▸ Aim of the exercise:
Write out again the lines from the line with "1. Thông số" up to and including the line with "Ổ cứng Seagate", exactly as they stand below, and skip any picture.

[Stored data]

________________________________________

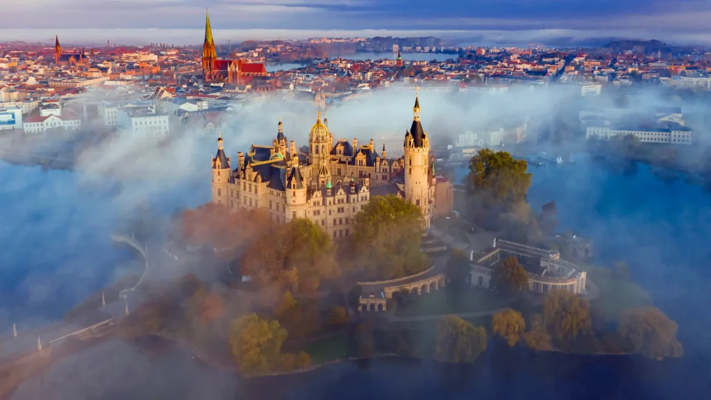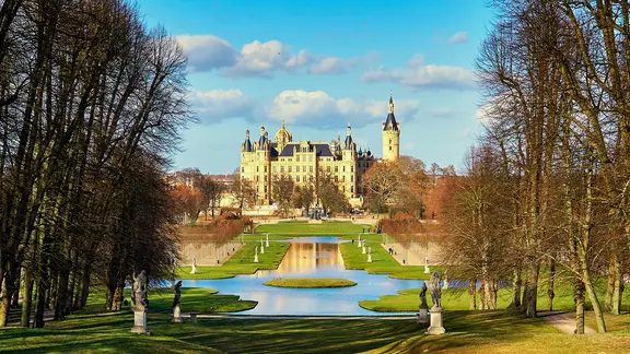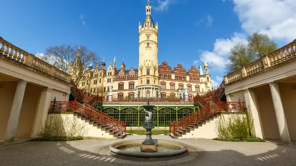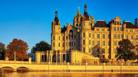 Das märchenhaft anmutende Schweriner Schloss zählt mit Teilen der historischen Innenstadt seit 2024 zum UNESCO-Welterbe. Der im See gelegene Prachtbau ist heute Sitz des Landtags und ein Museum.
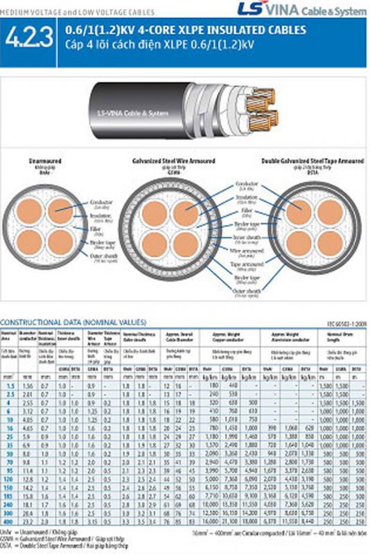 1. Thông số kỹ thuật cáp 0,6/1kV loại 4 lõi cách điện XLPE hãng LS-ViNa
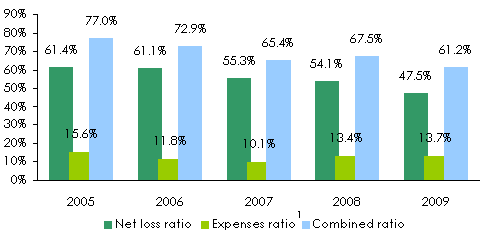 in USD| Insurance | 2005 | 2006 | 2007 | 2008 | 2009 | 2009 shares | 2008/09 growth |
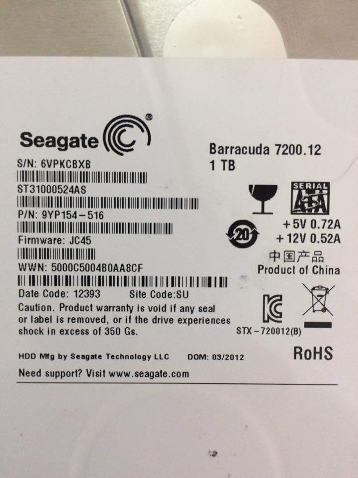 Ổ cứng Seagate 1Tb tốc độ 7200rpm good sk100% bh 1th ! bác nào quan tâm call hoặc liên hệ qua Zalo , facebook Imessage Cảm ơn đã đọc tin
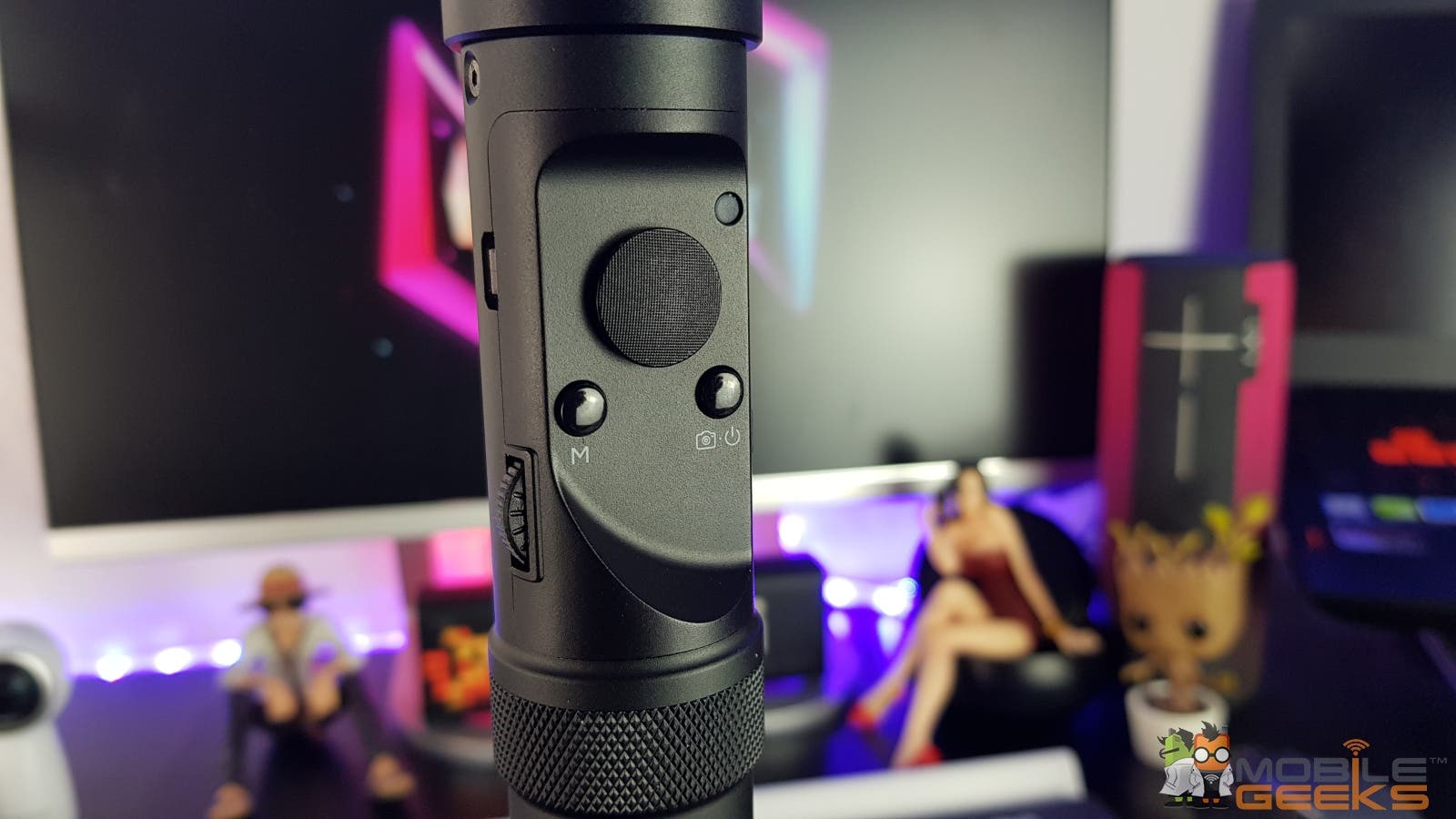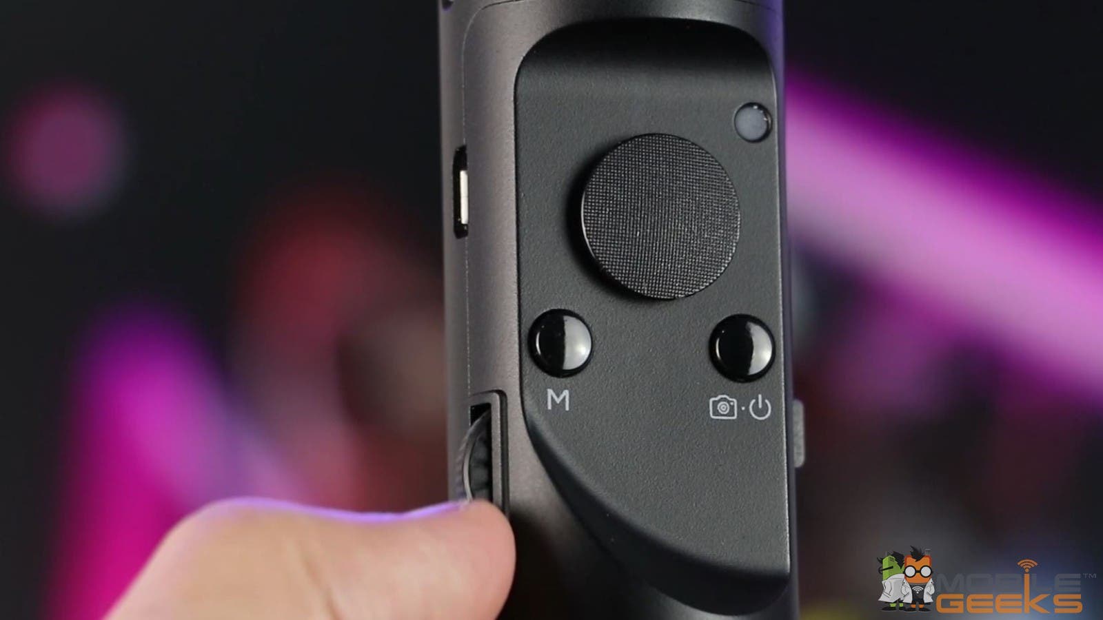 Weiter oben sind die Bedienelemente: Ein-/Austaste, Modustaste, Funktionstaste, Joystick, Steuerrad, Batterieanzeige, Ladeanzeige und zwei microUSB-Ports. Was man damit machen kann erzähle ich später. Dass die Batterieanzeige den aktuellen Batteriestatus anzeigt und die Ladeanzeige den Ladestatus sollte klar sein.

________________________________________

▸ Response to this exercise:
 1. Thông số kỹ thuật cáp 0,6/1kV loại 4 lõi cách điện XLPE hãng LS-ViNa
 in USD| Insurance | 2005 | 2006 | 2007 | 2008 | 2009 | 2009 shares | 2008/09 growth |
 Ổ cứng Seagate 1Tb tốc độ 7200rpm good sk100% bh 1th ! bác nào quan tâm call hoặc liên hệ qua Zalo , facebook Imessage Cảm ơn đã đọc tin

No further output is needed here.